Stored data entries:
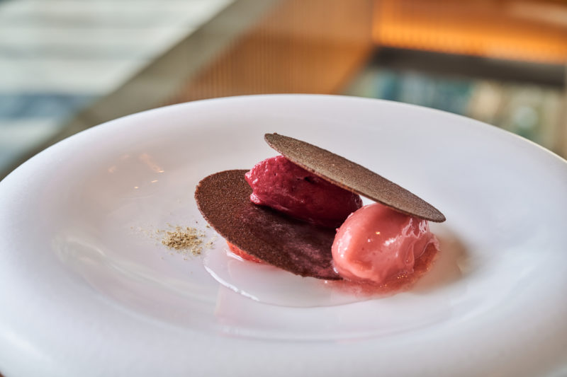 最後は「いちご ビーツ チョコレート」。いちごを他の食材と組み合わせることで、その味わいをさらに際立たせるデザート。今となっては稀少品種の甘酸っぱい女峰をあえて使用したいちごジェラートと、ビーツのジェラート、チョコレート風味のチュイルを合わせ、ローズマリーシロップとカモミールパウダーの香りで調和させた逸品。
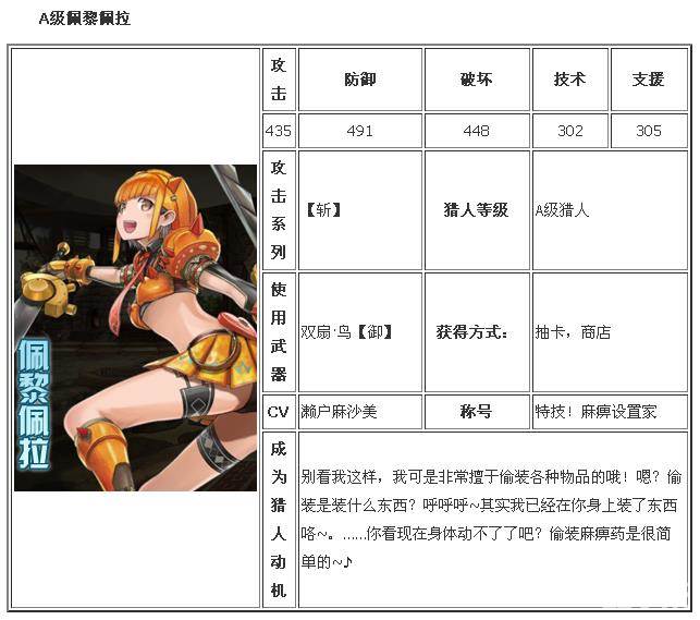 《怪物猎人开拓记》佩黎佩拉属性资料汇总
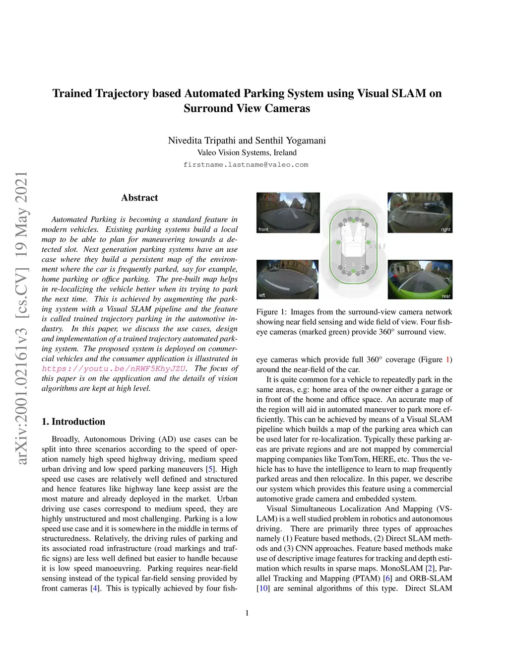 Automated Parking is becoming a standard feature in modern vehicles. Existing parking systems build a local map to be able to plan for maneuvering towards a detected slot. Next generation parking systems have an use case where they build a persistent map of the environment where the car is frequently parked, say for example, home parking or office parking. The pre-built map helps in re-localizing the vehicle better when its trying to park the next time. This is achieved by augmenting the parking system with a Visual SLAM pipeline and the feature is called trained trajectory parking in the automotive industry. In this paper, we discuss the use cases, design and implementation of a trained trajectory automated parking system. The proposed system is deployed on commercial vehicles and the consumer application is illustrated in \url{https://youtu.be/nRWF5KhyJZU}. The focus of this paper is on the application and the details of vision algorithms are kept at high level.
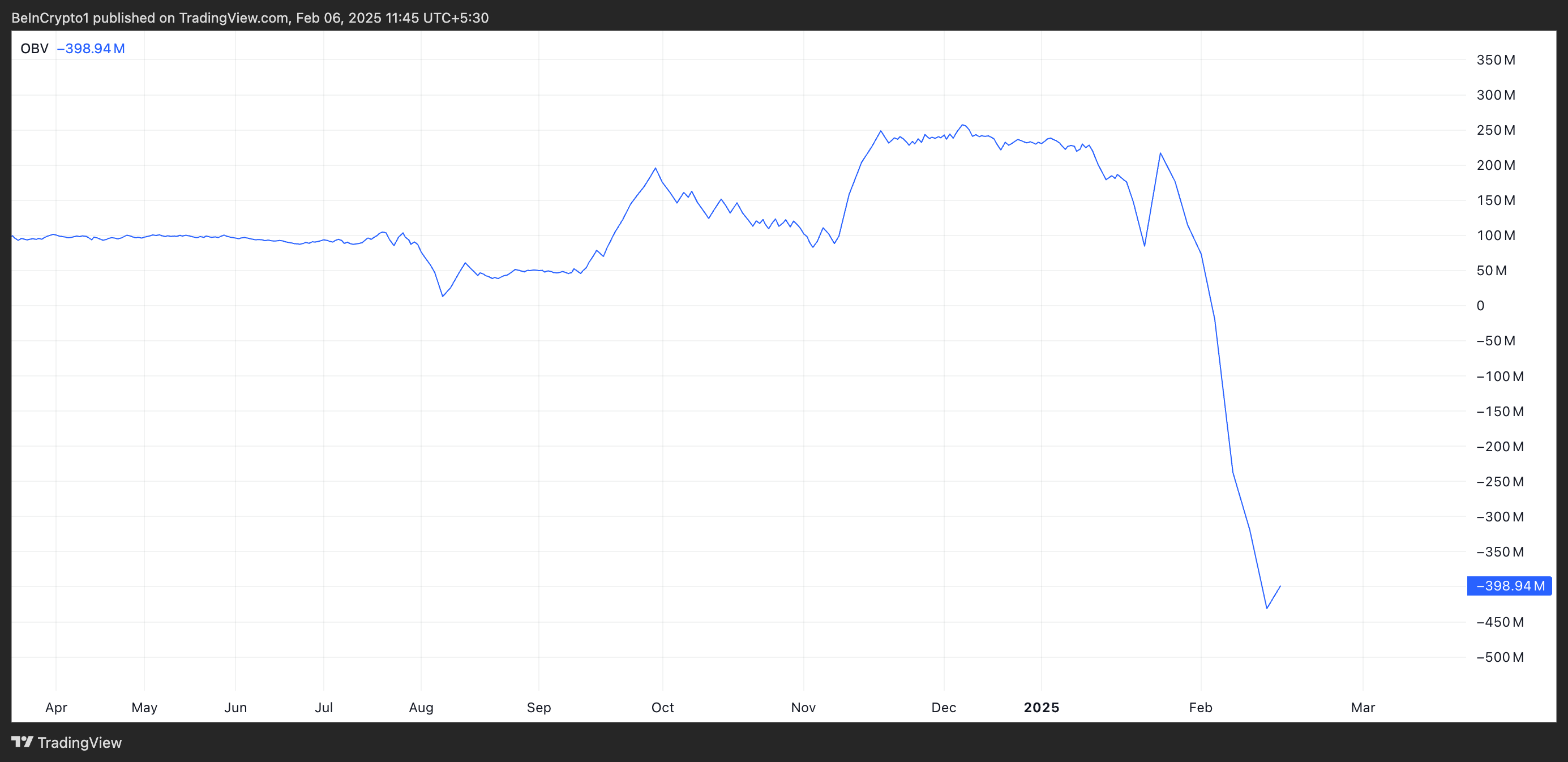 A falling OBV like this indicates that selling pressure outweighs buying pressure. It means more traders are offloading the asset than accumulating it.
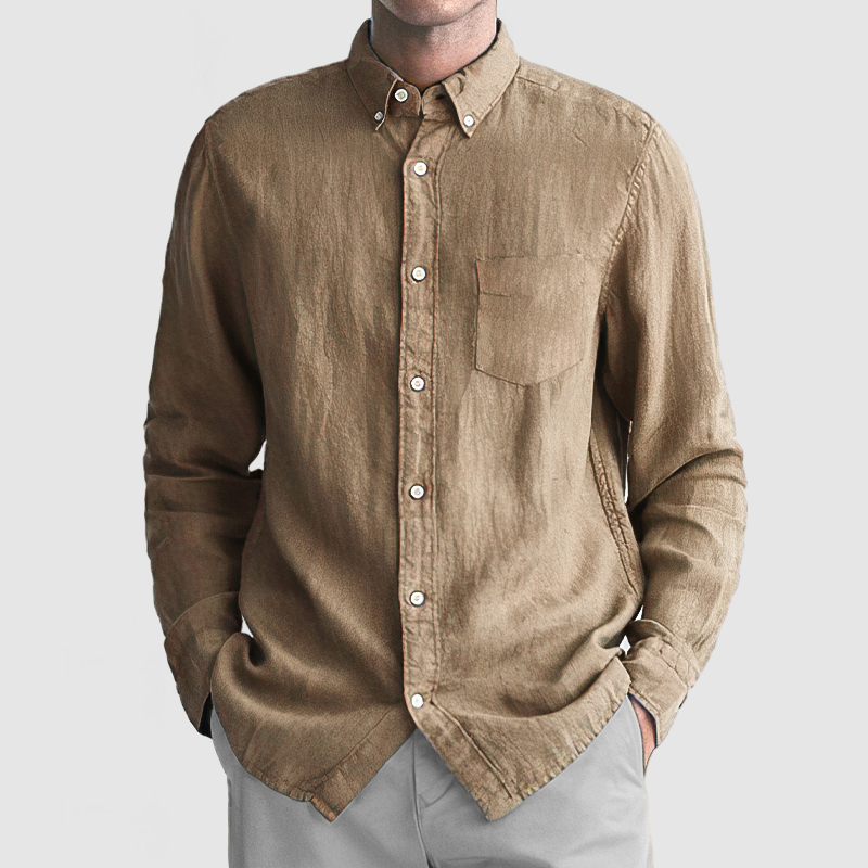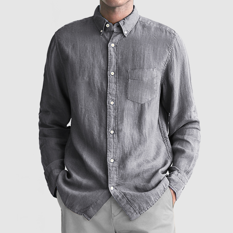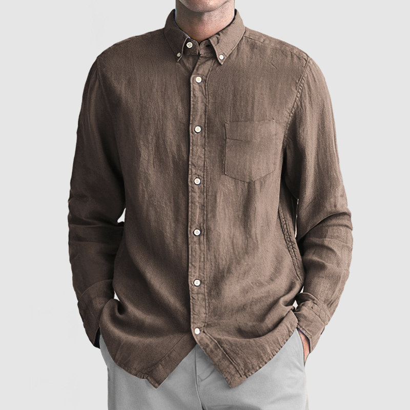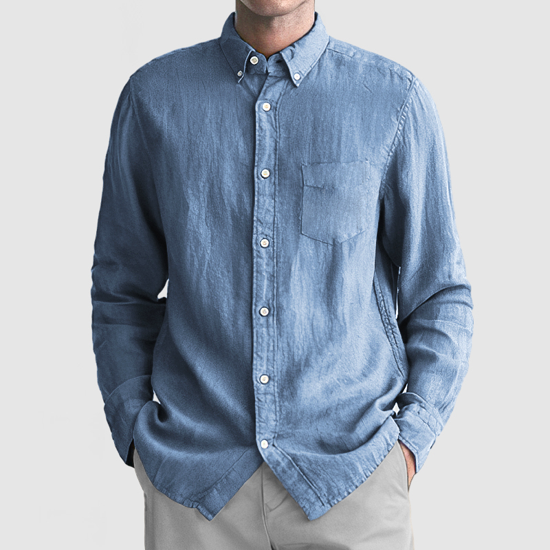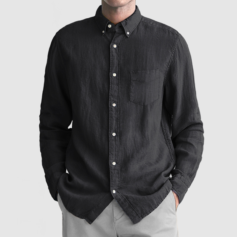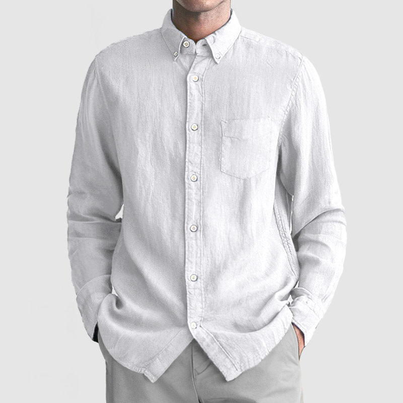 This shirt has a business-casual style element and is made from Cotton And Linen, which is extremely breathable. The sharp, tailored design of the collar and sleeves with sleek white buttons makes this shirt simple and uncluttered! This shirt goes well with any outfit, which will all be the finishing touch! Whether for outdoor sports, leisure activities or social gatherings, this shirt will keep you elegant and gentlemanly for a long time.
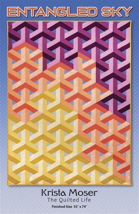Entangled Sky Krista Moser Patterns, Escher Quilt Pattern, Modern Quilt Pattern, Uses Large 60 Degree Diamond Ruler, Printed, Free Ship USA
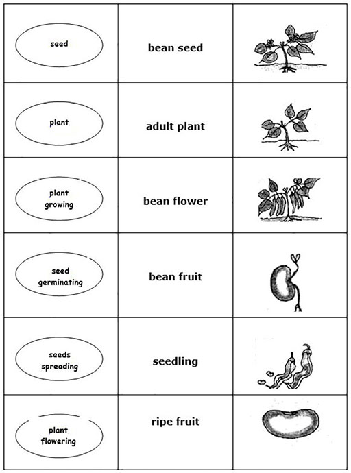 Then she divided her class into four groups: Groups 1 and 2 each had three pictures showing one of the stages in the bean’s life cycle, Group 3 had the rectangular labels (describing the pictures) and Group 4 had the round labels (describing the steps in the life cycle story). Resource 6 shows these labels and pictures.
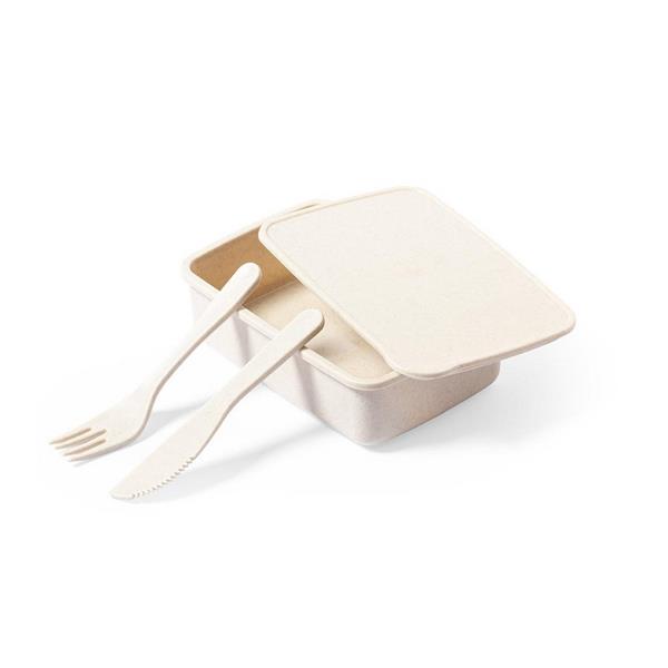 Pudełko śniadaniowe 700 ml, w komplecie nóż i widelec, połączone paskiem
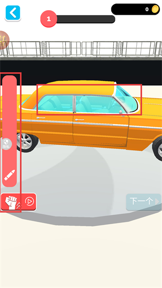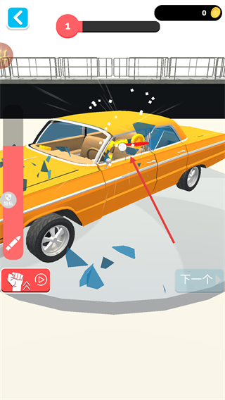 3、點擊左側【拳頭】按鈕破壞汽車車窗區域,快速積累金幣,解鎖更強力的破壞道具和車輛。
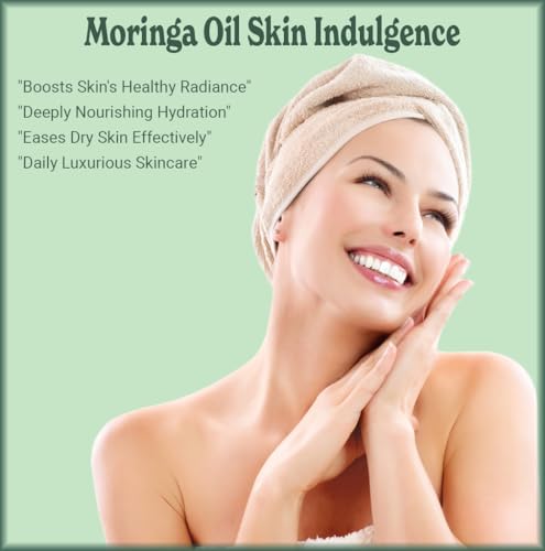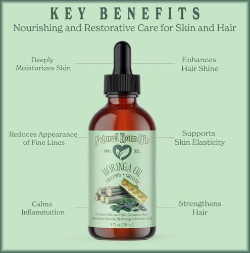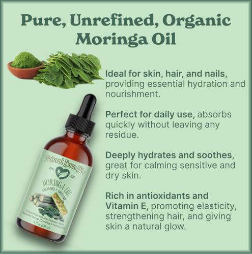 100% PURE MORINGA OIL Botanical name: Moringa oleifera Cold-Pressed, Unrefined, Organic Natural Moisturizer for Skin and Hair This delightful oil is highly moisturizing, making it a great choice for skin and hair care. Easy to use and readily absorbed, Moringa Oil helps in enhancing the natural radiance of skin and hair. Containing oleic acid, Moringa Oil is perfect for everyday use, suitable for all skin types. Use directly on skin or mix it with essential oils for your own special blend. 100% pure. Organic. Unrefined. Cold pressed. Natural. Vegan. Easily absorbed. Highly moisturizing. Lightweight. Paraben-free. Sulfate-free. Colorant-free. Preservative-free. Additive-free. Cruelty-free. Bottled in the USA. Origin Story The Moringa tree, native to India, produces seeds that yield a greenish-gold oil after cold-pressing. The Process The oil is cold pressed from the seeds of the Moringa Tree, ensuring the preservation of its nutrients and antioxidants.
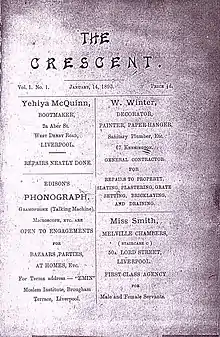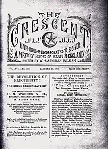 The Crescent - a weekly record of Islam in England[1] was originally published weekly in Liverpool from 1893. As such, it can claim to be oldest and first regular publication reflecting and serving the early convert[2] and Muslim community within the British Isles, although its readership quickly grew via subscription to a global community. The first edition was published on 14 January 1893 from 32 Elizabeth Street,[3] Liverpool, shortly before moving to Brougham Terrace. It was edited by W. H. Abdullah Quilliam and represented Muslims in England and growing convert community between 1893 and 1908.
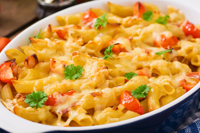 Jetzt die Tomaten darüber verteilen, den Käse aufstreuen und im vorgeheizten Backrohr ca. 35 Minuten backen. Tipp: Am besten eine Nudel herausfischen, um zu prüfen, ob sie al dente ist.
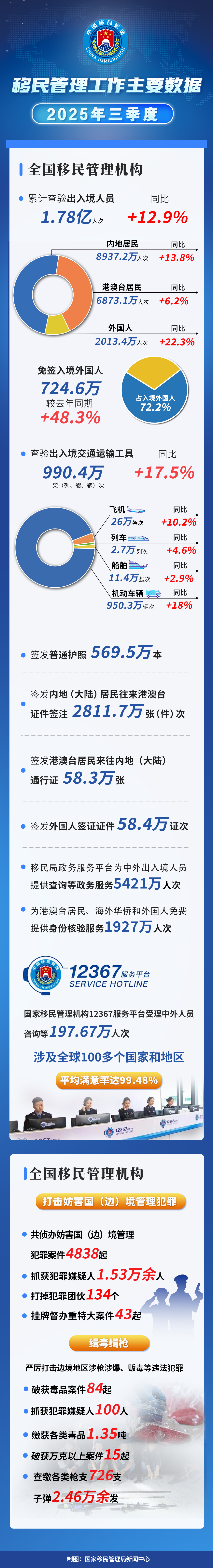 一圖看懂!2025年三季度移民管理工作主要數(shù)據(jù)
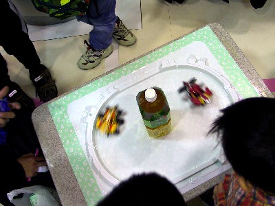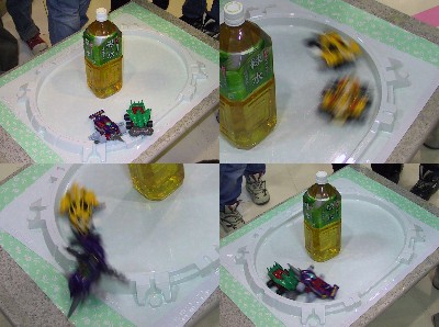 ペットボトル、ギアの邪魔になると思ったのですが、ちゃんとスピンもできるし、意外に面白いバトルになりました。

*WHAT YOU NEED TO DO*: Omit every picture, and please return the entries exactly from the first line through the line with "Entangled Sky Krista", both included.

*TASK RESPONSE*:
 最後は「いちご ビーツ チョコレート」。いちごを他の食材と組み合わせることで、その味わいをさらに際立たせるデザート。今となっては稀少品種の甘酸っぱい女峰をあえて使用したいちごジェラートと、ビーツのジェラート、チョコレート風味のチュイルを合わせ、ローズマリーシロップとカモミールパウダーの香りで調和させた逸品。
 《怪物猎人开拓记》佩黎佩拉属性资料汇总
 Automated Parking is becoming a standard feature in modern vehicles. Existing parking systems build a local map to be able to plan for maneuvering towards a detected slot. Next generation parking systems have an use case where they build a persistent map of the environment where the car is frequently parked, say for example, home parking or office parking. The pre-built map helps in re-localizing the vehicle better when its trying to park the next time. This is achieved by augmenting the parking system with a Visual SLAM pipeline and the feature is called trained trajectory parking in the automotive industry. In this paper, we discuss the use cases, design and implementation of a trained trajectory automated parking system. The proposed system is deployed on commercial vehicles and the consumer application is illustrated in \url{https://youtu.be/nRWF5KhyJZU}. The focus of this paper is on the application and the details of vision algorithms are kept at high level.
 A falling OBV like this indicates that selling pressure outweighs buying pressure. It means more traders are offloading the asset than accumulating it.
 This shirt has a business-casual style element and is made from Cotton And Linen, which is extremely breathable. The sharp, tailored design of the collar and sleeves with sleek white buttons makes this shirt simple and uncluttered! This shirt goes well with any outfit, which will all be the finishing touch! Whether for outdoor sports, leisure activities or social gatherings, this shirt will keep you elegant and gentlemanly for a long time.
Entangled Sky Krista Moser Patterns, Escher Quilt Pattern, Modern Quilt Pattern, Uses Large 60 Degree Diamond Ruler, Printed, Free Ship USA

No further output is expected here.